Made with Love
- Kim Ivey Stephens
- Aug 21, 2016
- 2 min read
‘Yuck Mum, it was disgusting! All the kids were looking at it and pointing at it, and saying euwww!’ That was the reply I received when I asked my son how he enjoyed the mini-quiches I had so lovingly crafted for him on my Sunday afternoon so that he could enjoy them in his lunch-box the next day. ‘Did you even try it?’ I asked. ‘I had a little bit Mum, but I didn’t like it.’ When I was a kid a disgusting lunch was a stinky warm fish-paste sandwich (before cooler packs were invented), or your tomato had made the bread soggy and inedible and leaked into your maths homework, or your yoghurt had gone off and smelled like baby-sick (how is that possible…yoghurt is already fermented – is that what you call lacking culture?). Felix has always been my kid with an appetite for the new – the adventurous one. He will try anything, be it a spicy hot curry or a pimento-stuffed olive. He would place it delicately in his mouth, thoughtfully chew, and then give it a rating somewhat akin to Matt Preston on Masterchef (minus the purple cravat and lemon yellow suit). When other super-Mums spoke proudly of how their children happily chose the seed of the organic juju berry grown in the remote alpine regions of Tibet over chocolate, or only consumed smoothies made simply of sprouted seaweed, holy water thrice blessed by the Pope, with a touch of truffle oil I took a small degree of comfort in the fact that at least my Felix would try anything. On the other hand, not so long ago my daughter would once only eat rice, pasta, bread, and an assortment of vegetables as long as nothing on the plate touched or looked squishy/crunchy/wobbly/geometric/soft/hard or had any aroma. I don’t know where it all went wrong – when I was pregnant with her my diet consisted of hotter than hot home-made spicy chicken vindaloo with lots of spinach, and mashed pumpkin with copious amounts of cayenne pepper. And when she started solids there was the steamed green beans, sweet potato, and lentils.
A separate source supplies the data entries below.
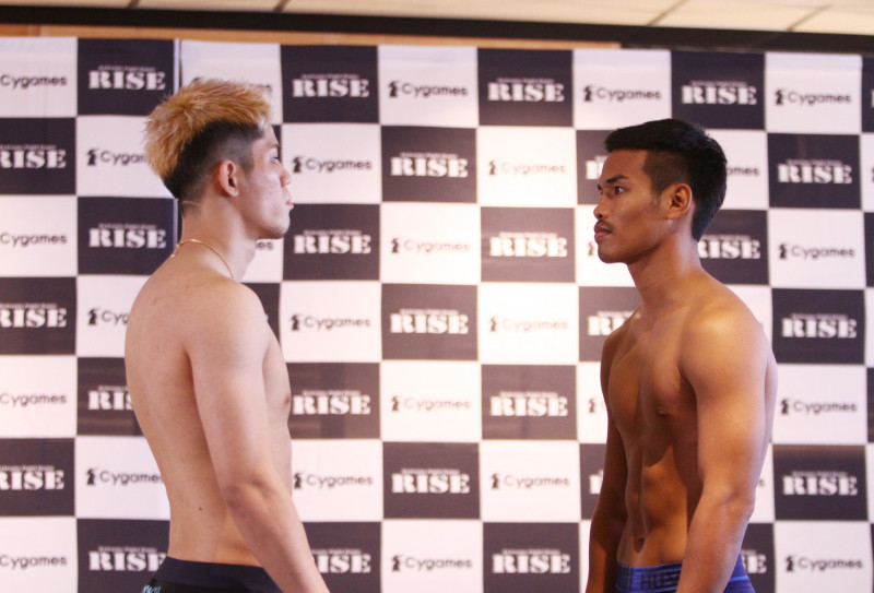 原口(左)とペットパノムルンが計量後にフェイスオフ
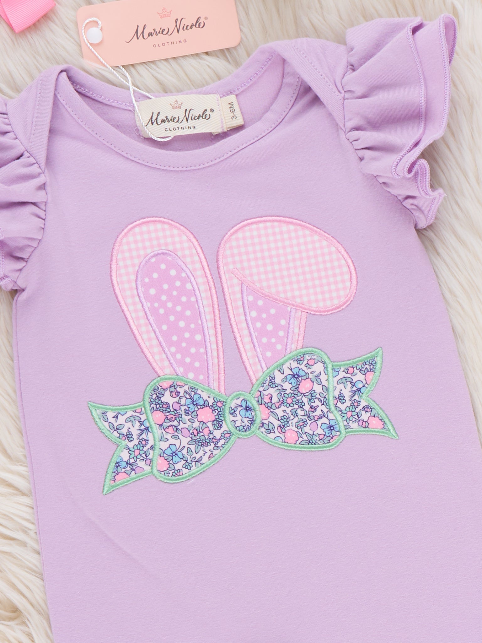 The Floral Bunny Ears Embroidered Ruffle Romper by Marie Nicole Clothing hops into Easter fun with sweet bunny-ear appliqué, flutter sleeves, and layered floral ruffles at the ankles for extra bounce. From Marie Nicole, the soft knit fabric and snap closure make changes easy, keeping little ones comfy for egg hunts, parties, and picture-ready spring adventures.
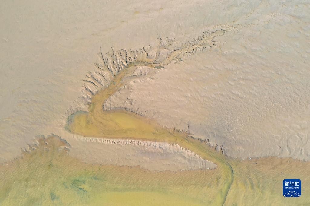 近日,隨著(zhù)黃河調水調沙結束,黃河河南省開(kāi)封市黑崗口險工段水位下降。河床被水流沖刷過(guò)后呈現出縱橫交錯的“脈絡(luò )”。
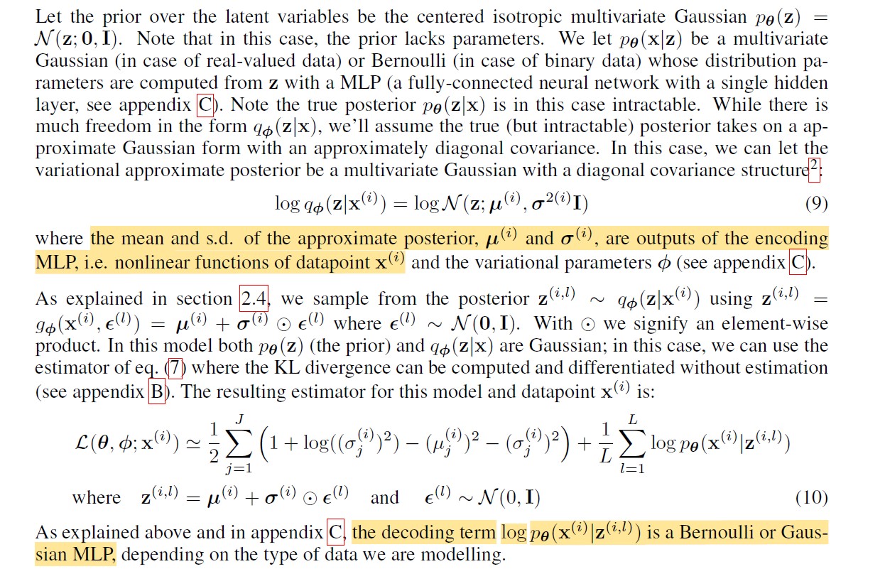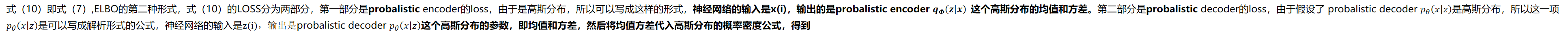 式(10)即式(7),ELBO的第二种形式,式(10)的LOSS分为两部分,第一部分是probalistic encoder的loss,由于是高斯分布,所以可以写成这样的形式,神经网络的输入是x(i),输出的是probalistic encoder 这个高斯分布的均值和方差。第二部分是probalistic decoder的loss,由于假设了 probalistic decoder 是高斯分布,所以这一项 是可以写成解析形式的公式,神经网络的输入是z(i),输出是probalistic decoder 这个高斯分布的参数,即均值和方差,然后将均值方差代入高斯分布的概率密度公式,得到
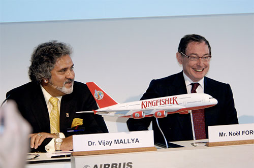 Vijay Mallya z Kingfisher Airlines a Noël Forgeard z Airbus SAS.
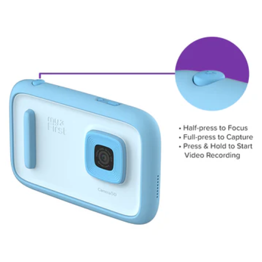 Comprender los matices de la fotografía es importante para los jóvenes creadores. MyFirst Camera 50 les introduce en las técnicas profesionales con su avanzado sistema de control del obturador de doble función que funciona con un mecanismo de media y completa pulsación, diseñado específicamente para mejorar la experiencia de disparo y la calidad de las fotos.
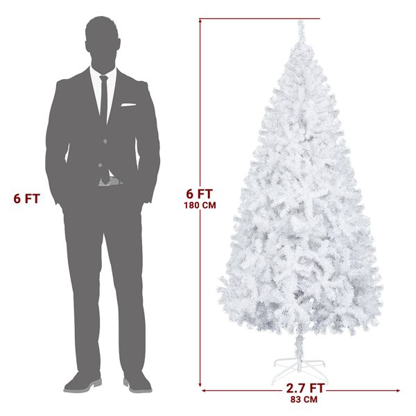 6-foot white artificial Christmas tree featuring 800 branch tips and a durable metal stand for stable holiday décor.

But no, from about the age of three it was all over – tenacity is a greatly valued trait, but boy that kid could hold out for weeks before she would consume anything not on her pre-approved list. So today, I sadly accepted defeat, now my boy, my lover of all things edible drove that gastronomic dagger deep into my heart. ‘Buddy, I feel very sad, I made those quiches for you, I put my love into them’ (oh gees Masterchef look what I’ve become). ‘But Mum, I ate all of the bits with the love in them – I gobbled them up, and left the rest!’